Однако, оказывается, я порядком охрип.
– Извините, – я позвал еще раз, громче.
– Ой, фу. – парень высунул голову в зал. – Олесь, повиси чуток, ладно? Тут кое-какая проблема нарисовалась.
– Я не доставлю вам хлопот, – мне стало неловко.
– Дядя, мы милостыню не подаем, переночевать не пускаем. Но так уж и быть, – парень вернулся в подсобку за кошельком. Он сунул мне в руку мятую купюру и кивнул на дверь. – Больше ста не могу, дядя. Кризис в стране. Давай, давай.
– Вы меня неправильно поняли, – я положил деньги на витрину, и парень скривился. Будет тереть ее весь день, наверное. Если совсем не выкинет. – Я не за милостыней. У меня есть одна просьба. Может быть, она вам покажется слишком дерзкой… Но…

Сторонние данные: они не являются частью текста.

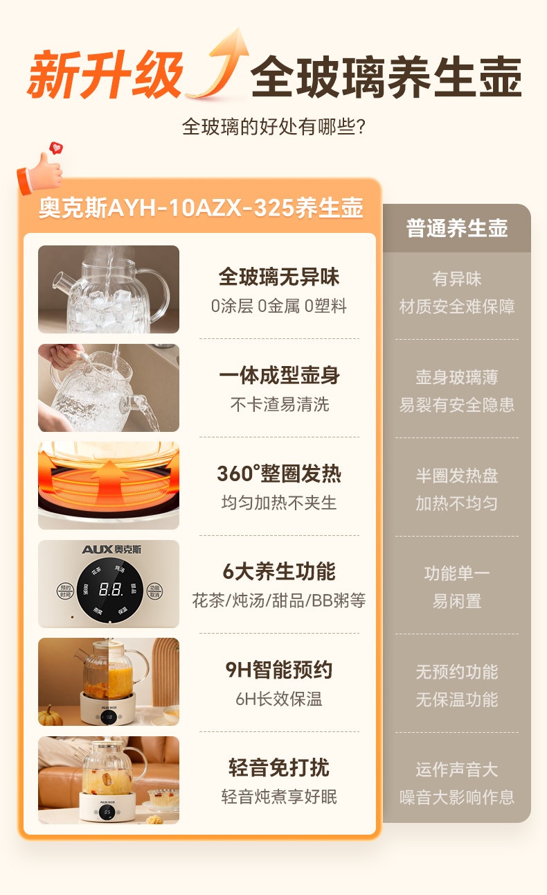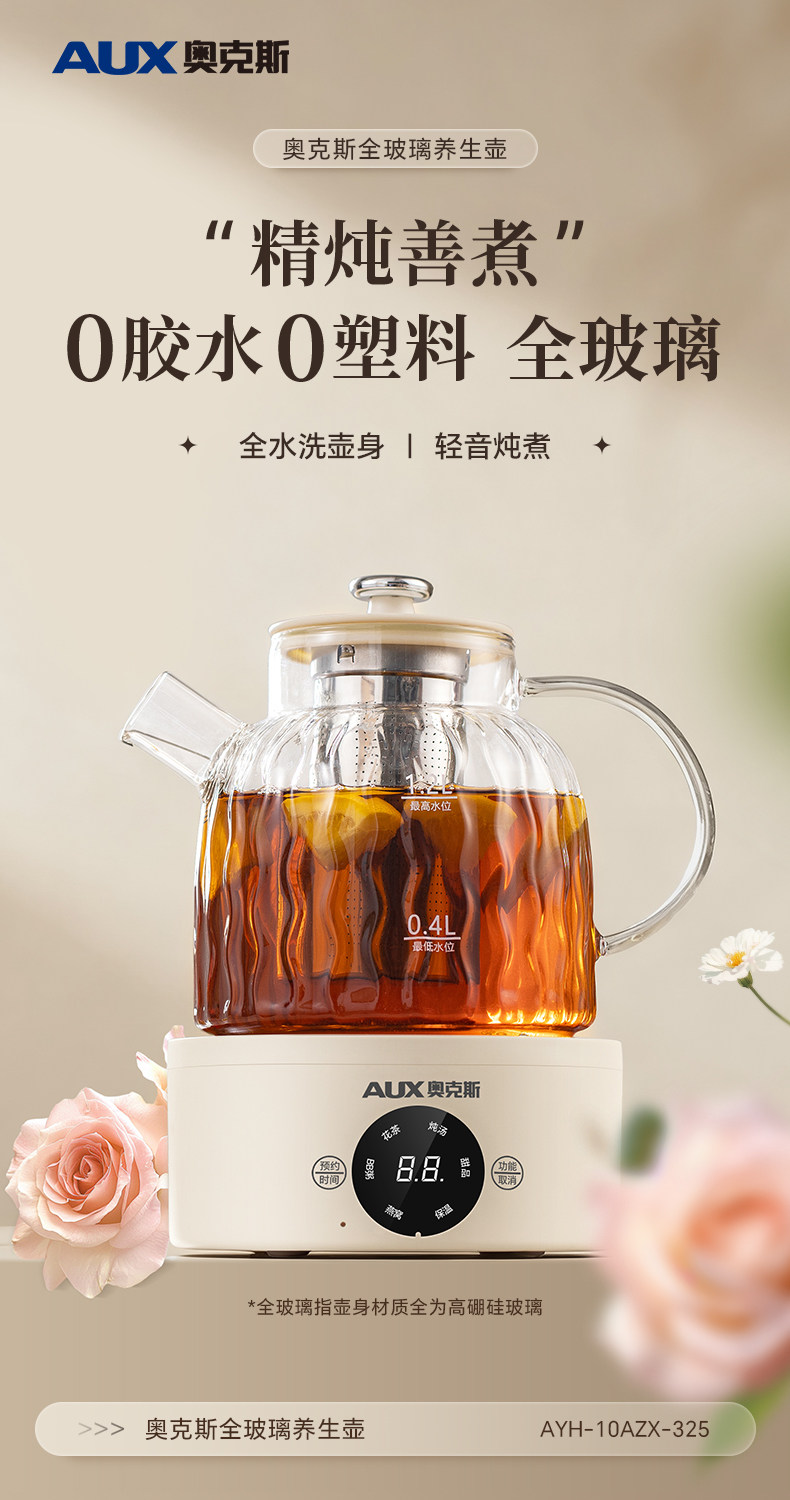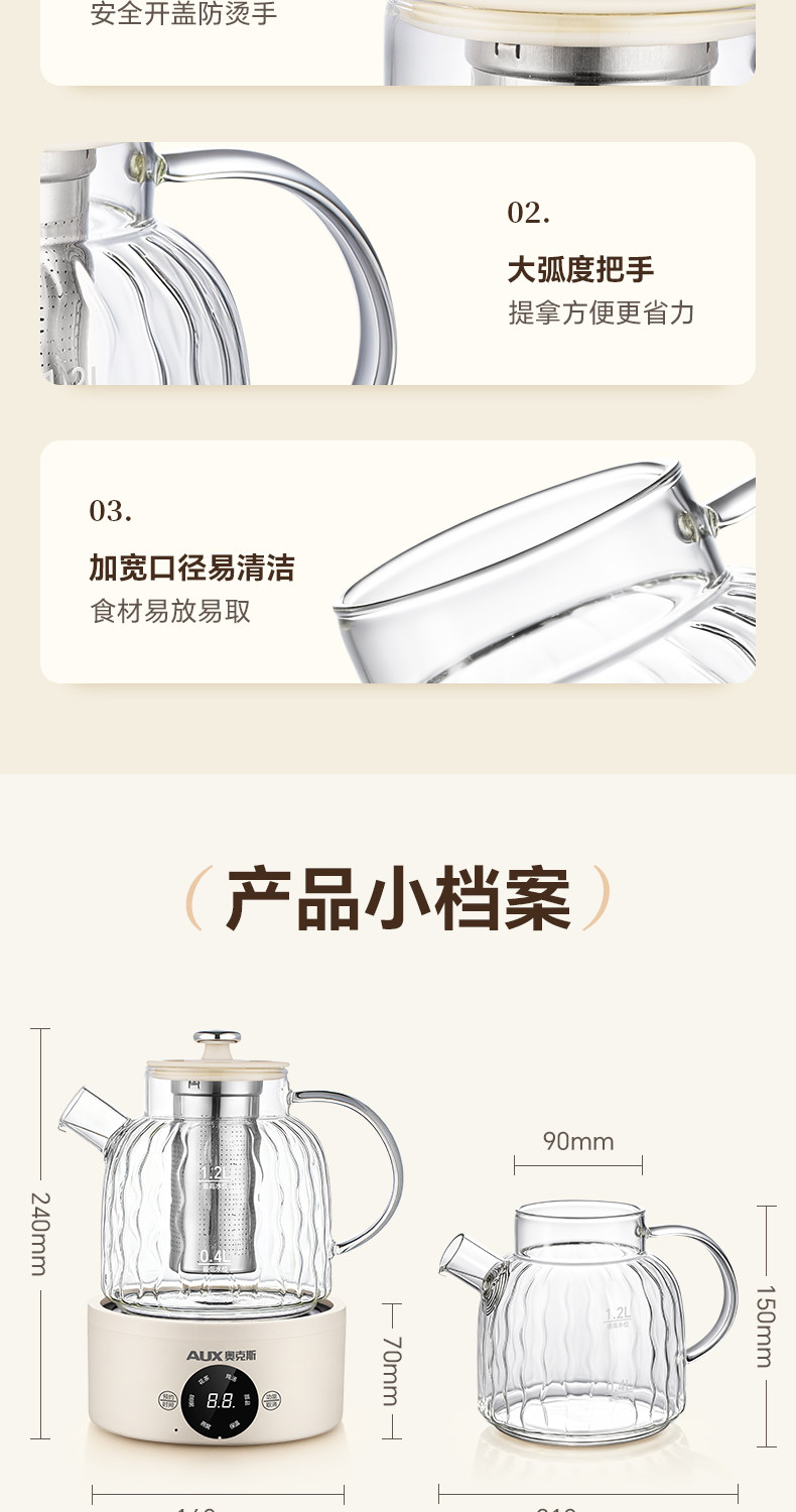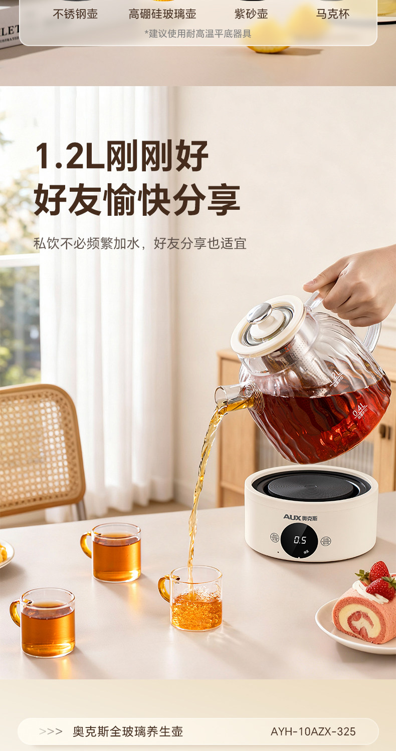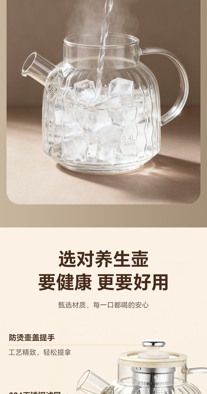 Oaks All-Glass Health Pot with Constant Temperature, Small Multi-Functional Home Stewing and Boiling Integrated Hot Water Kettle for Office Use
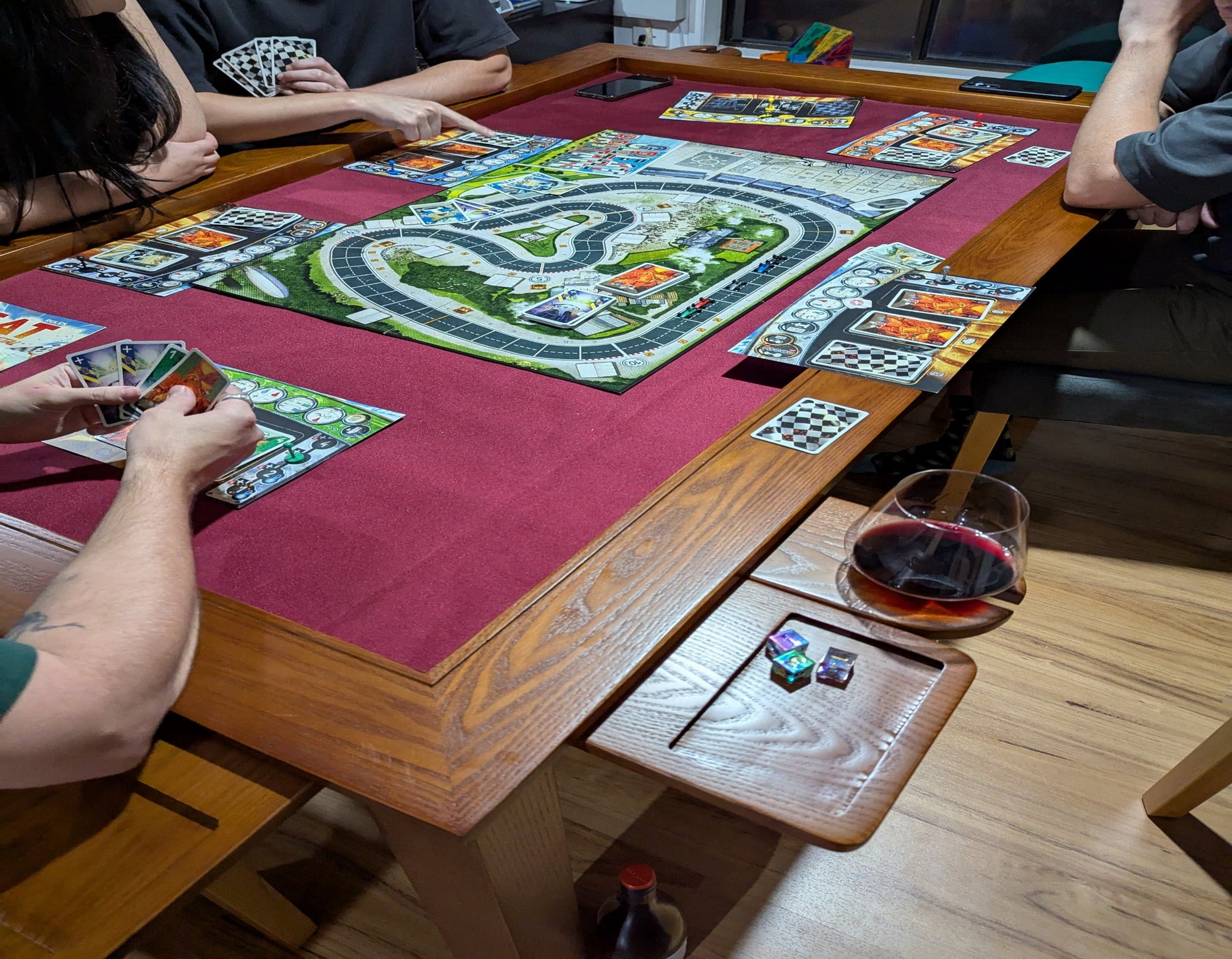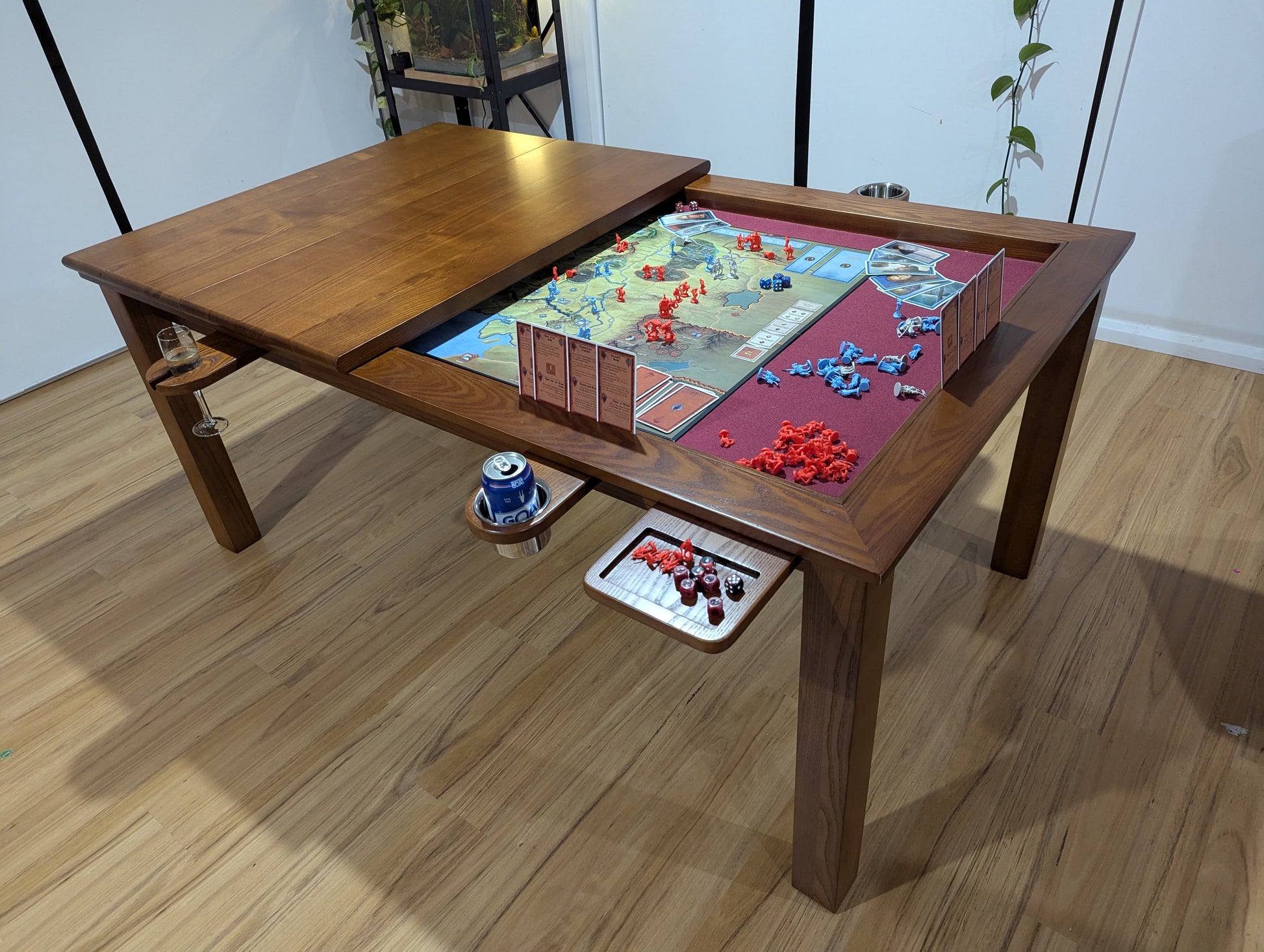 A gaming and designer dining table. Made from solid hardwood and designed for play in mind, table includes:

– Дядя, иди. Прошу по-хорошему. Покупать выпивку не буду.
– Я могу сыграть? – выпалил я. – Всего разок. Мне это нужно, потому что я уже второй день слышу.
– Чего-о-о? – глаза у парня так расширились, что он стал похож на лягушку. У нас на даче раньше жили такие. – Дядя, иди, пока я охрану не вызвал, хорошо? У нас ее тут нет, вообще-то. Так что приедет сразу полиция. Понял?
Я все понял. Я был бездомным, но никогда не был дураком. Почему-то снова хотелось есть. Но я не отходил от магазина. Все смотрел на его витрины, представлял, как ложится в мои пальцы холодный металл. Как податлив он, как легок…Что ж, Геннадий Павлович, не все сразу. Вы слышите, разве вам этого мало? Мало, выходит. Обнаглел Геннадий Павлович.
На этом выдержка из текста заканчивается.